* Exercise aim:
Shown below is a listing with pictures; reproduce exactly, and only, the lines between the ones containing "- Ausstattung: Tasche(n)" and "- Q: How many", inclusive, leaving the pictures out.
[Data for processing]
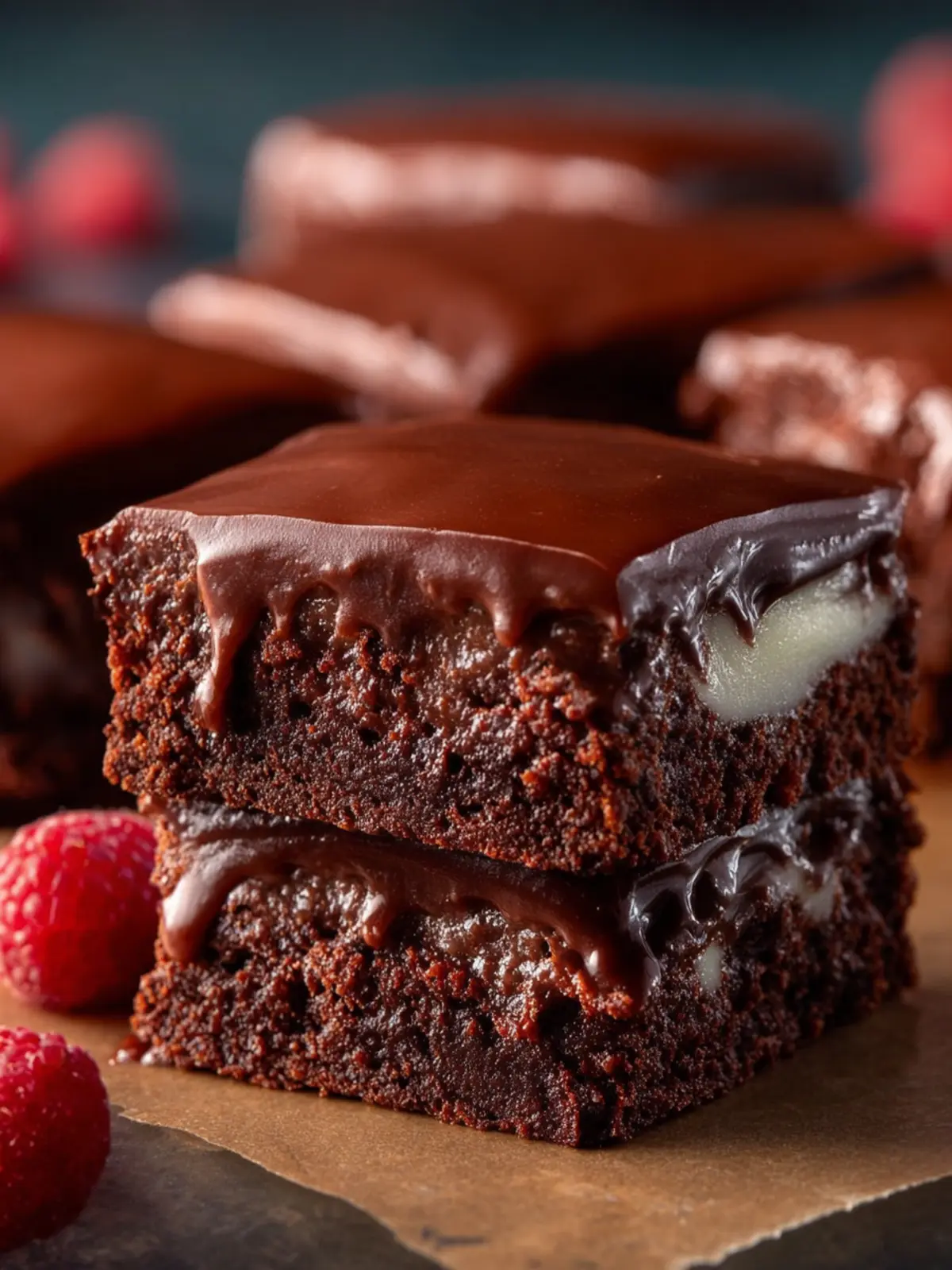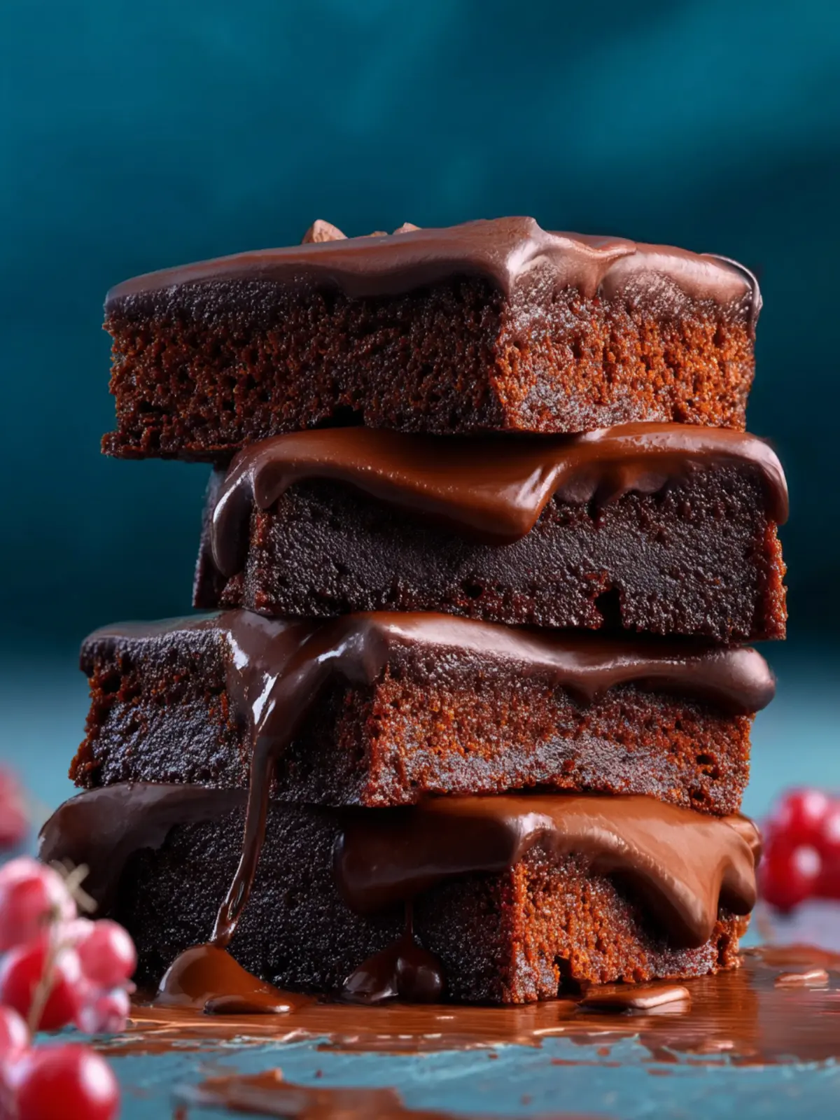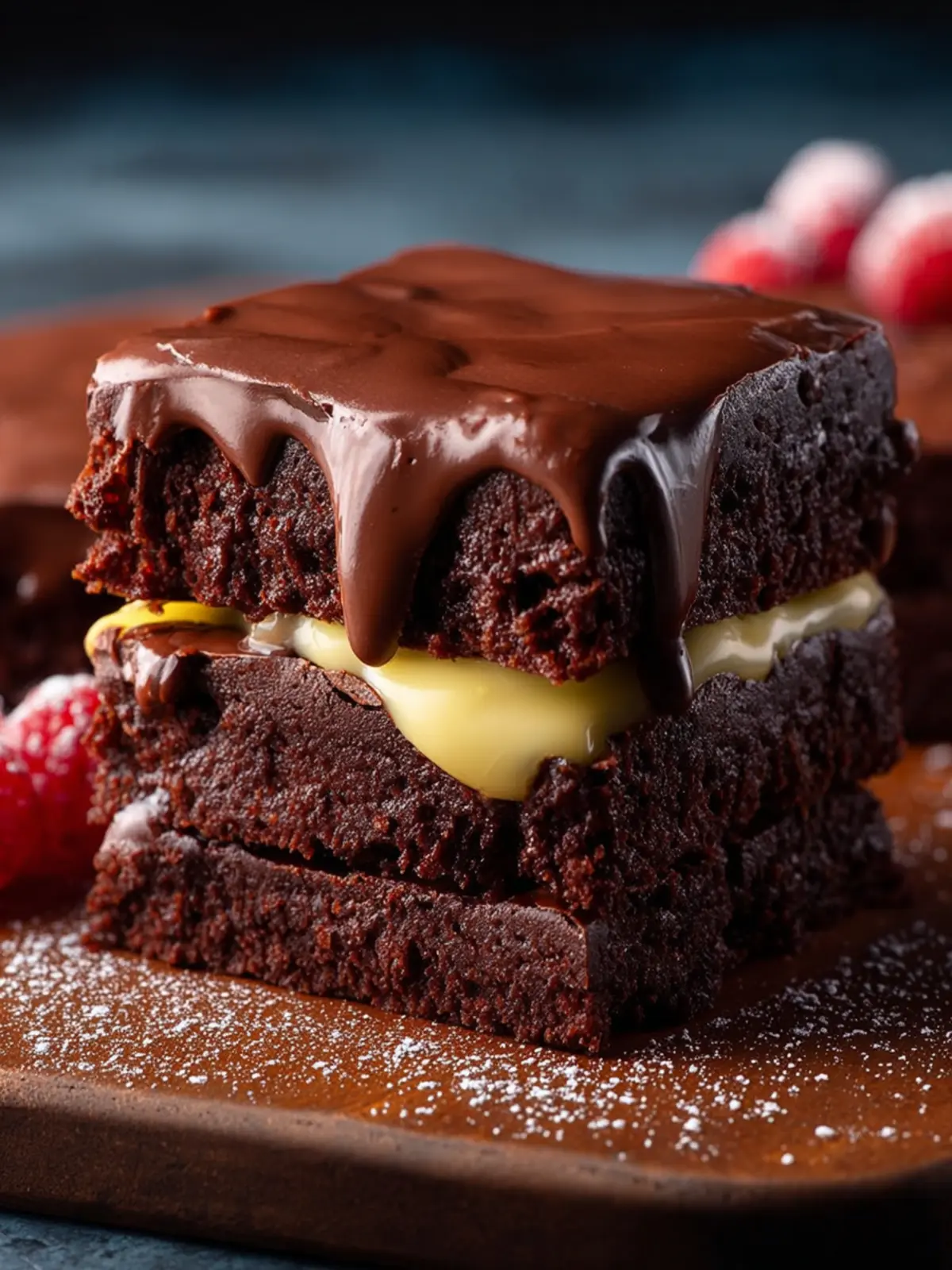 A rich and decadent layered chocolate brownie dessert that combines moist chocolate cake, creamy chocolate pudding, and silky ganache.
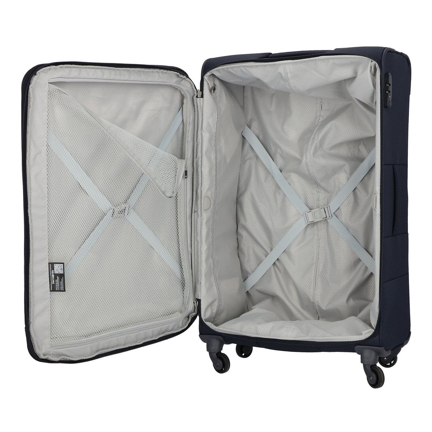 - Ausstattung: Tasche(n) außen, Kreuzpackgurt, Innenfutter, Dehnfalte, arretierbarer Griff
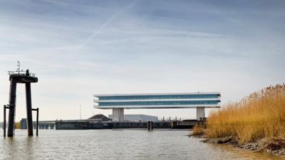“Een visitekaartje dat aantoont wie we zijn en wat we aandurven”, antwoordt hoofdprojectleider Gert Hoefnagels wanneer we hem vragen welk gebouw Cordeel voor ogen had toen het besliste om een nieuw kantoor op te trekken op de Boelwerf in Temse. “Aangezien onze productieafdelingen de voorbije jaren naar De Zaat verhuisd zijn, waar we eerder al enkele residentiële projecten en een kmo-zone realiseerden, lag het voor de hand om daar in de buurt ook onze hoofdzetel te vestigen”, legt Hoefnagels uit. “Op de site van de voormalige Boelwerf hadden we nog een gedeelte achter de hand gehouden met het oog op een eventuele uitbreiding. De aanwezigheid van het droogdok biedt ons overigens de nodige opportuniteiten voor het transport van grondstoffen en afgewerkte materialen. Aangezien we onze activiteiten op en rond het droogdok niet wilden belemmeren en toch 5.000 m² nieuwe kantooroppervlakte wilden realiseren, hebben we besloten om het gebouw over het water te bouwen. Het torent 20 meter boven de waterspiegel uit, zodat er op termijn probleemloos schepen onderdoor kunnen varen om de meerwaarde van het oude droogdok te kunnen benutten.”
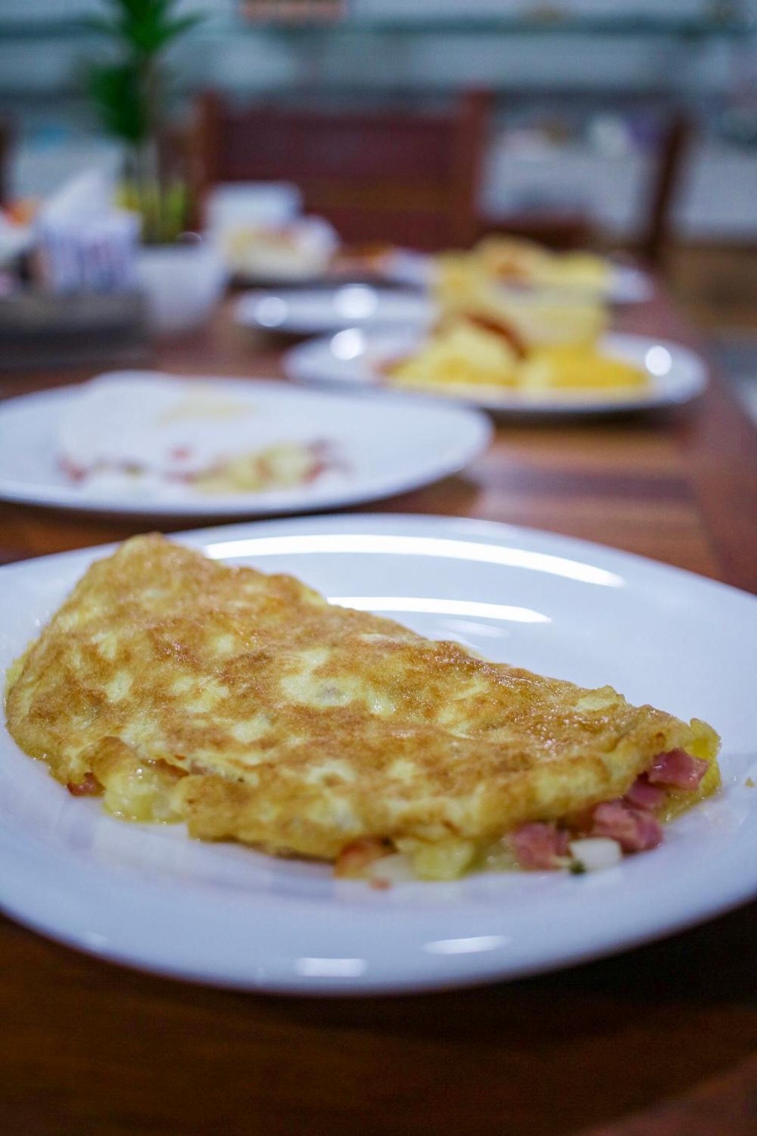 Café da manhã excelente, bem variado, com frutas diversas, sucos, salgados e ainda com opção de pedidos especiais. O quarto é bem grande e comporta bem uma família grande.
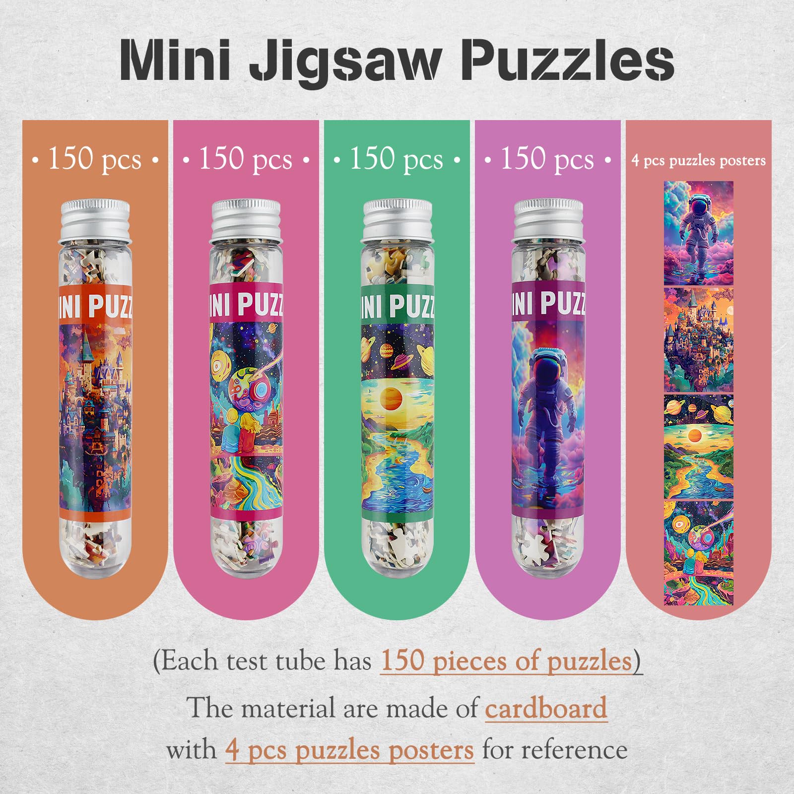 - Q: How many pieces do these puzzles contain? A: Each puzzle contains 150 pieces, designed to be small and challenging, perfect for puzzle enthusiasts looking for a unique experience.
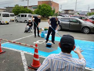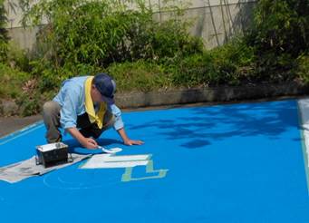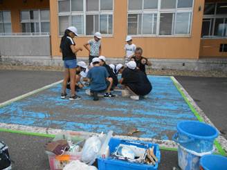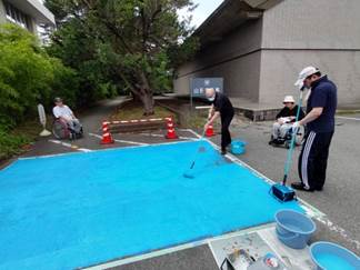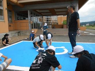 そして、この駐車場が2006年の校舎新築時から塗替えられていなかったのでは?と思えるほど青色部分が薄くなっている事に気づき「来春以降、皆さんと塗りませんか?」と話して居てこの日の塗装となりました。
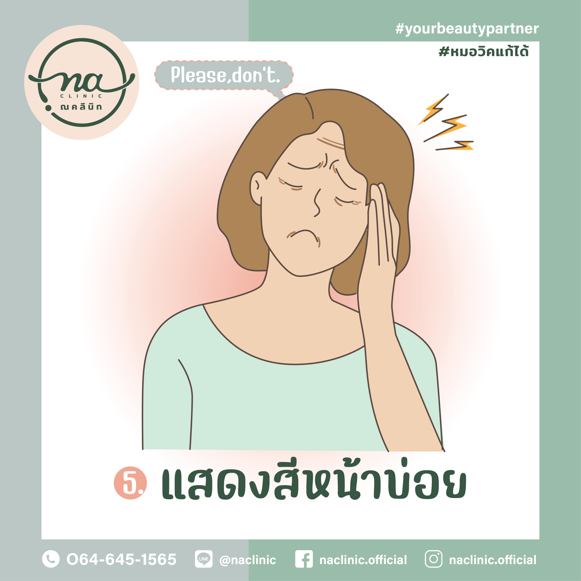 หลายคนมักแสดงออกทางสีหน้า เช่น การคิ้วขมวด เบะปาก ยักคิ้ว การแสดงสีหน้าเหล่านี้ทำให้กล้ามเนื้อชั้นใต้ผิวหนั งทำงานเยอะ จึงเกิด ริ้วรอย ร่องลึกก่อนวัย
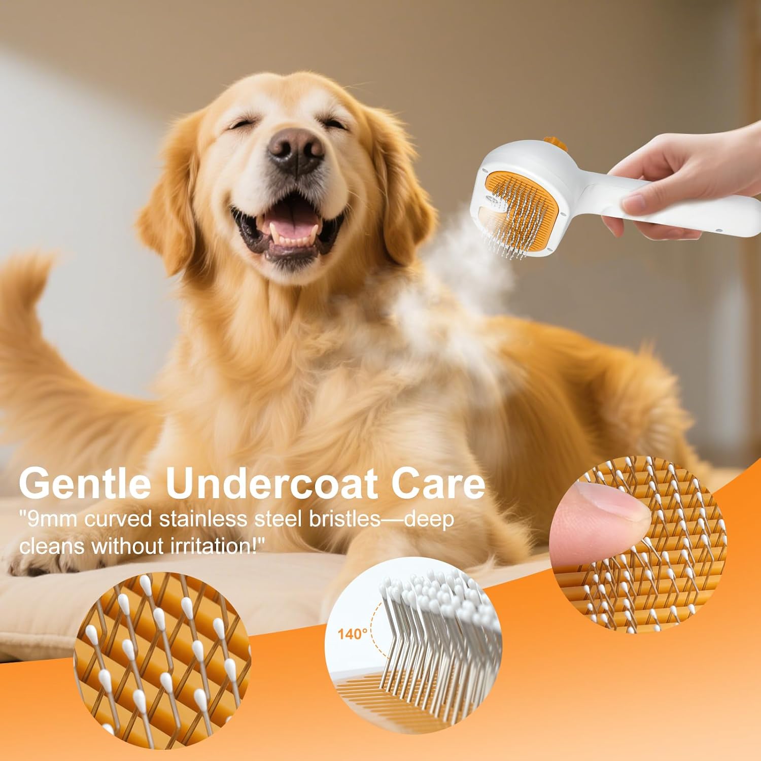 - Multi-Function Pet Mist Brush for Shedding & Hair Care: This pet grooming brush combines de-shedding, mist spray, self-cleaning, and gentle massage functions in one tool. It helps remove loose fur from your dog or cat, reducing tangles and matting for a smooth, neat coat. Suitable for long-haired pets and daily grooming routines.
[/Data for processing]
* Exercise solution:
 - Ausstattung: Tasche(n) außen, Kreuzpackgurt, Innenfutter, Dehnfalte, arretierbarer Griff
“Een visitekaartje dat aantoont wie we zijn en wat we aandurven”, antwoordt hoofdprojectleider Gert Hoefnagels wanneer we hem vragen welk gebouw Cordeel voor ogen had toen het besliste om een nieuw kantoor op te trekken op de Boelwerf in Temse. “Aangezien onze productieafdelingen de voorbije jaren naar De Zaat verhuisd zijn, waar we eerder al enkele residentiële projecten en een kmo-zone realiseerden, lag het voor de hand om daar in de buurt ook onze hoofdzetel te vestigen”, legt Hoefnagels uit. “Op de site van de voormalige Boelwerf hadden we nog een gedeelte achter de hand gehouden met het oog op een eventuele uitbreiding. De aanwezigheid van het droogdok biedt ons overigens de nodige opportuniteiten voor het transport van grondstoffen en afgewerkte materialen. Aangezien we onze activiteiten op en rond het droogdok niet wilden belemmeren en toch 5.000 m² nieuwe kantooroppervlakte wilden realiseren, hebben we besloten om het gebouw over het water te bouwen. Het torent 20 meter boven de waterspiegel uit, zodat er op termijn probleemloos schepen onderdoor kunnen varen om de meerwaarde van het oude droogdok te kunnen benutten.”
 Café da manhã excelente, bem variado, com frutas diversas, sucos, salgados e ainda com opção de pedidos especiais. O quarto é bem grande e comporta bem uma família grande.
 - Q: How many pieces do these puzzles contain? A: Each puzzle contains 150 pieces, designed to be small and challenging, perfect for puzzle enthusiasts looking for a unique experience.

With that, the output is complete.